Your final goal is to write an Activity that targets US 4th grade math curriculum.

Resources

You can try to pick something to address from this curriculum chart on the Sugarlabs Wiki. You are not restricted to using this, but it is an option.

Speaking of, have at least one team member request an account for that wiki. This is a manual process so please begin right away.

You may find the NY State math standards helpful. Pay special note to the 4th grade curriculum (p55-66 in the PDF from circa 2019).

A previous version of the standards has been archived and may be useful for comparison.

Though out-of-date in several respects, this guide to developing a desktop activity for the XO by IBM is a good general overview to using a separate development environment

The Sugarlabs Github organization holds more recent documentation for contributing to Sugar This provides pointers for desktop and web activities.

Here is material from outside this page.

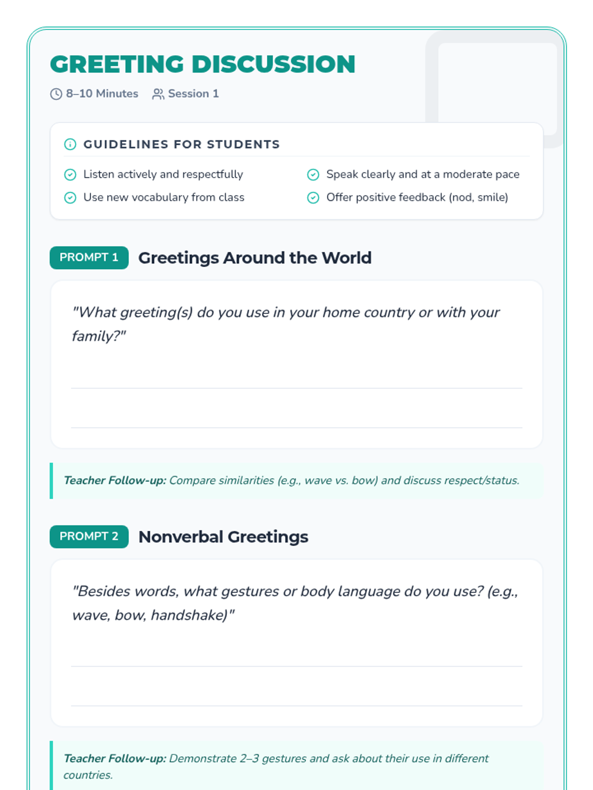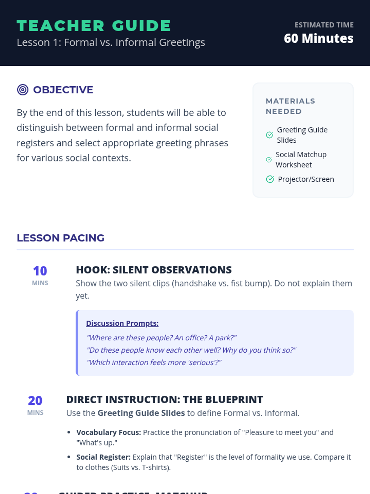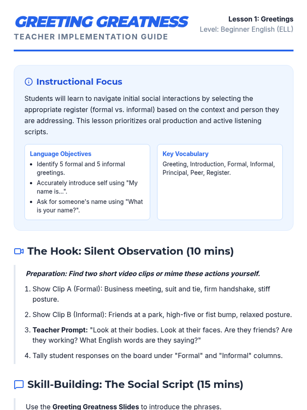 A comprehensive unit for high school English language learners to master the social nuances of greetings, self-introductions, and cultural etiquette in varied contexts.

You may wish to start by building some easy first project examples, Hello World and Sugar quickstart

Steps

Brainstorm project ideas individually

We'll use these ideas for team formation.

Form a team.

Seek a diverse set of skills in your team.

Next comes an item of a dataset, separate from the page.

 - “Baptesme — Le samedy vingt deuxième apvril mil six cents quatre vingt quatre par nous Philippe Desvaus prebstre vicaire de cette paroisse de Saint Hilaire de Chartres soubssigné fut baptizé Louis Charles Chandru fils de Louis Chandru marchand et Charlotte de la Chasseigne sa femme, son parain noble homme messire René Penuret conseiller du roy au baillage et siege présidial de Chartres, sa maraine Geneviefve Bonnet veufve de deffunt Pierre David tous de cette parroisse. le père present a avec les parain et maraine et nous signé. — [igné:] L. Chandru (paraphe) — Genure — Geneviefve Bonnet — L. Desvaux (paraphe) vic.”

Form around one or two project ideas.

Propose a project.

Be sure to note what curricular components are included. Assign roles to team members.

Track work-in-progress

Create issues. Make commits. Document your work in your journals.

Demonstrate some proof-of-concept

Demonstrate a prototype

Present and demonstrate final game

Team Assessments

  • 200-1000 words per teammate.
  • Indicate what they did to contribute to the project.
  • What skills did they pick up this semester?
  • What skills should they develop further?
  • Give a numeric score (1-10) for them and justify it.
  • These must be emailed to the instructor They will remain private.

Final Presentation

Your presentations should last 10 minutes with another 5 minutes for discussion.

Your team will need to present from the front of the room.

Every member of your team needs to speak for a roughly equal amount of the presentation. Be prepared.

Give a demonstration of your project.

How does the code work?

  • What are some of the best pieces of software you wrote? Why?
  • What are some of the worst pieces? Why?

What stumbling blocks were there? What successes?

What would you have done differently?

What would you have worked on if you'd had more time?

Your Presentation will be graded on aspects such as:

  • Presentation Skills (Projection, Posture, Body Language)
  • Grammar/Spelling
  • Design (colorschemes, graphics, look/feel)
  • Timing (significantly over/under time limit)
  • Content (quality/quantity of information)
  • Adherence to Guidelines (Did you hit all the bullet points in this list?)

Finished Project

  • Add a fully-fleshed out entry and link to your project information to this wiki page (Use the examples already there as a standard for the quality of your addition): http://wiki.sugarlabs.org/go/Math4Team/RIT/Projects

Your grade here will be derived from the following factors:

  • Is the code clearly licensed under an OSI-compatible license?
  • Does your source repository contain clear written instructions for future developers? (i.e. How to setup their environment to work on your project)
  • What TODO items are left to do?
  • Does it work on python on a normal machine?
  • Does it work on Sugar?
  • Code quality and git commit history.